Coordinate Independence, Kepler, and Planetary Orbits

Could you, merely by changing coordinates, argue that the Sun gravitationally orbits the Earth?  And could Einstein’s theory of gravity, which works equally well in all coordinate systems, allow you to do that?  

Despite some claims to the contrary — that all Copernicus really did was choose better coordinates than the ancient Greek astronomers — the answer is: No Way. 

How badly does the Sun’s path, nearly circular in Earth-centered (geocentric) coordinates, violate the Earth’s version of Kepler’s law?  (Kepler’s third law is the relation T=R3/2 between the period T of a gravitational orbit and the distance R, which is half the long axis of the ellipse that the orbit forms.)   Since the Moon takes about a month to orbit the Earth, and the Sun is about 400 = 202 times further from Earth than the Moon, the period of the Sun would be 4003/2 = 8000 times longer than the Moon’s, i.e. about 600 years, not 1 year. 

But is this statement coordinate-independent? Can it serve to prove, even in Einstein’s theory, that the Earth orbits the Sun and the Sun does not orbit the Earth? Yes, it is, and yes, it does.
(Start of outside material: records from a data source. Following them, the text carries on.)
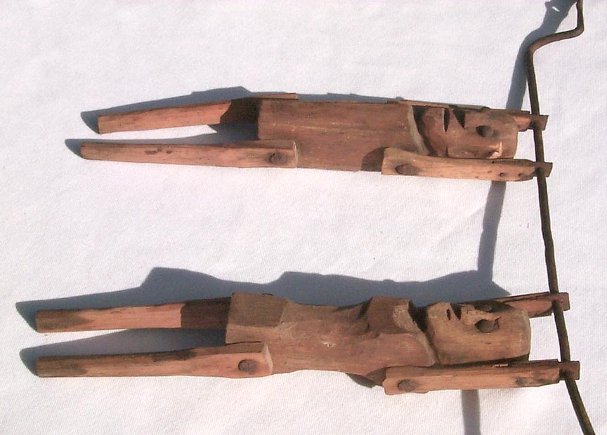 Here is an exceptional pair of jointed limberjack carvings - a man and a woman. They have strong, primitive faces with carved ears and metal tacks for eyes. The hands are inset metal tabs which are free to turn around the iron mounting bar. These carvings are from the late 1800's or early 1900's, with well oxidized surfaces and good patina. They are in excellent condition. Each person measures approximately 10" high by 2" wide by 1 1/2" deep; total width including the bar is 19 3/4". The price for the pair is $675.00. Inventory Code: ARPP. Pair of limberjack carvings ... Another view ... Closeup of both ... Closeup of the woman ... Closeup of the man ... Sitting ... One side ... The other side ... With arms down ... Another view, arms down ... From above ... Side/back ... Back view ... From below.
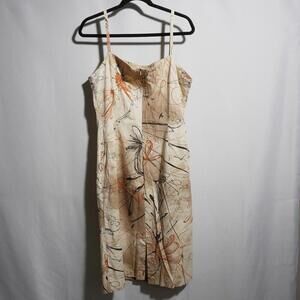 VTG 90s Tan Abstract Mini Dress Strappy Artsy Retro Georgia Netti Cotton Sz 10 vintage sleeveless spaghetti strap back slit party cocktail retro cream brown art single stitch zip up single stitch breathable classy date night
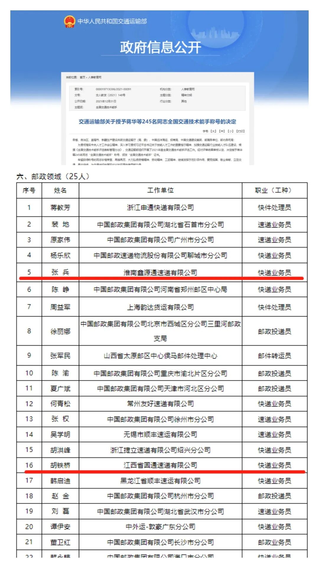 近日,交通运输部公布2021年度全国交通技术能手评审结果,其中,圆通南昌红角洲分公司快递小哥胡铁桥、圆通安徽淮南分公司快递小哥张兵均荣获“全国交通技术能手”荣誉称号。

That’s what I claimed last time, and will argue more carefully today.

Of course the question of “Does X orbit Y?” is already complicated in Newtonian gravity.  There are many situations in which the question could be ambiguous (as when X and Y have almost equal mass), or when they form part of a cluster of large mass made from many objects of small mass (as with stars within a galaxy.)  But this kind of ambiguity is not what’s in question here.  Professor Muller of the University of California Berkeley claimed that what is uncomplicated in Newtonian gravity is ambiguous in Einsteinian gravity.  And we’ll see now that this is false.

Kepler’s Law Verified Without Coordinates

To check this, we can take an unambiguous Newtonian situation. Suppose, according to Newton, planet X orbits star Y in a roughly circular path of radius R over a time T, which we’ll call an XY-year.  Can R and T be determined in a coordinate-independent way, even in Einstein’s theory?
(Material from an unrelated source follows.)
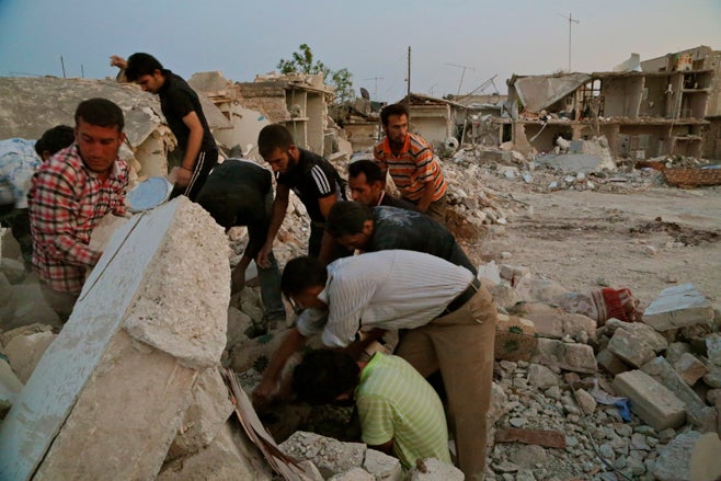 アザズ住民の“アフメド”は、家にいた少なくとも12人の家族が空爆で殺されたと証言。彼は、まだほかに家族4人ががれきの下敷きになっていると考えており、次のように話した:

Not exactly, no.  And not without fine print.  But we won’t need an exact result with no fine print.

First, let’s measure the distance R between X and Y.  One way to do this is by using a clock on X. We need no coordinates on spacetime. All we need to know is the speed of light c (a.k.a. the cosmic speed limit.)  We fire a powerful pulse of radio waves from X toward Y at time t1, as measured by the clock on X. At time t2, as measured by the same clock, we receive a slight echo back on X.  We can then take the distance between X and Y at that time to be approximately half the light travel time multiplied by the speed of the waves, 1/2 c(t2 – t1) . By doing this repeatedly we can determine the minimum and maximum distance between X and Y over the orbit, and take R to be the average of that.

That doesn’t exactly give us R, though, for various reasons.  For instance, X and Y are moving relative to one another during the time that the light is in transit from X to Y and back again, so the light’s path isn’t exactly out and back (Figure 1), and if the distance between X and Y is not constant during that time, the time delay is not exactly proportional to the distance. More subtle is that if we used a clock on the surface of Y instead of the surface of X, we’d get a slightly different result, thanks to Einstein’s relativity, which warns us that gravitation can make clocks in different places run differently.  These and other issues make Kepler’s “R” slightly ambiguous.
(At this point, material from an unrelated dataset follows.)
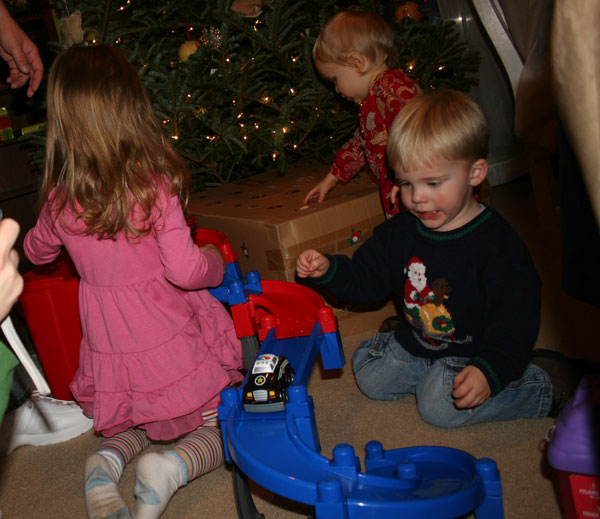 Playing with cousin, Caden's, new race track

Figure 1: As X and Y move relative to one another, a radio wave signal is sent (red line) from X, and bounces off Y, returning after a time T1 + T2 to X. This travel time, multiplied by c, gives an estimate of the distance between X and Y, though it is somewhat ambiguous.

But all these ambiguities are small and irrelevant, as long as the geometry of the spacetime is only weakly curved, and as long as all relative velocities (which can be approximately defined if the space is only weakly curved) are much smaller than the speed of light.  For an ordinary star with a few planets around it, weak curvature and low relative velocities (though not necessarily as mild as for the Earth and Sun) are guaranteed.  (If X and Y were black holes we would need to supplement this discussion a bit.) I’ll comment later on how to verify this without use of coordinates.  

Notice that in this measurement of R, we did not assume that X goes around Y, or that Y goes around X.  It would be okay if both go around something else, too.  We just made some light-travel-time measurements, each using a single clock and a single reflected radio pulse.  We don’t have to ask about the bigger picture here, and put coordinates on the whole system.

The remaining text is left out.